Canalejas's aim to curb the Catholic Church's influence over public education resulted in a temporary rupture of relations with the Holy See, as well as a media campaign accusing Canalejas of fostering anti-clericalism.[19] Discreet negotiations saw the approval of the Padlock Law (ley del candado) in December 1910, which restricted the establishment of new religious orders during the next two years.[16][20] His government also laid the legal foundations for the creation of commonwealths of provinces with limited powers in an attempt to placate the ambitions of the Regionalist League, paving the way for the Commonwealth of Catalonia in 1914.[15][19] Canalejas refrained from intervening in the 5 October 1910 revolution that overthrew the Portuguese monarchy, but had to tackle its repercussions during the pro-republican mutiny aboard the ironclad Numancia in August 1911.[19][21] The successful Kert campaign helped bring about the Spanish protectorate in Morocco, with the signing of the Franco–Spanish Treaty of 1912.[22][23]

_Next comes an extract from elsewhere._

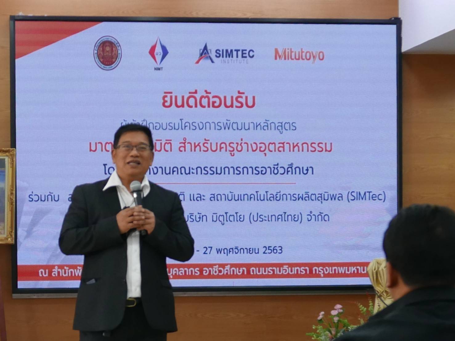สถาบันมาตรวิทยาแห่งชาติ ร่วมกับ สำนักงานคณะกรรมการการอาชีวศึกษา และสถาบันเทคโนโลยีการผลิตสุมิพล (SIMTec) โดยการสนับสนุนจากบริษัท มิตูโตโย (ประเทศไทย) จำกัด จัดอบรมเชิงปฏิบัติการ “โครงการพัฒนาทักษาด้านมาตรวิทยามิติ สำหรับครูช่างอุตสาหรรม” ภายใต้ข้อตกลงความร่วมมือระหว่างกัน โดยมีนายอนุสรณ์ ทนหมื่นไวย รองผู้อำนวยการ มว. เป็นประธานเปิดการอบรมดังกล่าว พร้อมด้วย ดร.จริยา บัวเจริญ หัวหน้าฝ่ายมาตรวิทยามิติ กรรมการโครงการ ดร.นรินทร์ จันทวงษ์ นักมาตรวิทยาชำนาญการ ดร.ธรรมรัตน์ สมทอง นักมาตรวิทยาชำนาญการ ดร.มูฮัมหมัด หมัดเด็น นักมาตรวิทยาชำนาญการ และ ดร.กิตติสัณห์ มงคลสุทธิรัตน์ นักมาตรวิทยาชำนาญการ เป็นวิทยากรบรรยายในหัวข้อ หลักการวัด GD&T ชนิดที่ต้องใช้ Datum ด้วยเครื่องมือวัดละเอียด ทั้งภาคทฤษฎีและภาคปฏิบัติ และหัวข้อ หลักการวัด GD&T ชนิดที่ไม่ต้องใช้ Datum ด้วยเครื่องมือวัดละเอียด ทั้งภาคทฤษฎีและภาคปฏิบัติ โดยมีวัตถุประสงค์เพื่อเสริมสร้างพัฒนาทักษะด้านมาตรวิทยามิติให้แก่ครูช่างอุตสาหกรรม ให้มีความรู้ความเข้าใจมากยิ่งขึ้น และนำความรู้ที่ได้จากการอบรมไปเผยแพร่ให้แก่นักเรียนนักศึกษา เพื่อเตรียมตัวเข้าสู่อาชีพต่อไปในอนาคต การอบรมดังกล่าวจัดขึ้น ณ สำนักงานพัฒนาสมรรถนะครูและและบุคลากรอาชีวศึกษา กรุงเทพมหานคร

Canalejas also attempted to rebuild the turno system through a conciliatory stance towards the Conservatives.[19] Their leader, Maura, had come to see the Pact of El Pardo as liquidated following his fall from power in 1909, declaring an "implacable hostility" to the Liberals in power—equivalent to the official severance of solidarity ties between the two dynastic parties and a renounce to the power alternation—as long as they did not publicly retract their actions of the previous biennium.[24][25][26] In the ensuing years, the Conservatives would divide among those adhering to Maura's political doctrine against the turno (the Maurist faction or mauristas), and those advocating for continuity out of loyalty to the monarchy and a desire not to be excluded from power (who would become known as the idóneos or "suitable ones").[25][26]

Body of the assassinated prime minister of Spain, José Canalejas, at the Ministry of Governance
The assassination of José Canalejas in 1912 left the Liberal Party without a solid leadership.

The assassination of Canalejas in November 1912 put an end to his agenda and plunged his party into chaos.[22][27] King Alfonso XIII's initial decision to appoint the president of the Congress of Deputies, the Count of Romanones, as prime minister, was met with outrage by Maura—deepening his disaffection with the "failed" turno—as well as by supporters of minister of state under Canalejas, the Marquis of Alhucemas, who also aspired to the Liberal leadership.[28][29] The Alhucemas–Romanones feud and the leadership crisis within the Liberal Party, coupled with the debate on the Law of Commonwealths, brought about the former's split into the Liberal Democratic Party in the summer of 1913 and the latter's downfall in a Senate vote of confidence on 25 October.[25][28][29][30] Maura's refusal to accept the King's mandate and maintain the turno caused a schism within the Conservative Party between "maurists" and "suitable ones", leading Alfonso XIII to hand over power to the "suitable" Eduardo Dato.[26][31][32] A third Conservative faction led by Juan de la Cierva—governance minister under Maura—supported restoring unity of action between idóneos and mauristas, without affiliating itself to either.[33]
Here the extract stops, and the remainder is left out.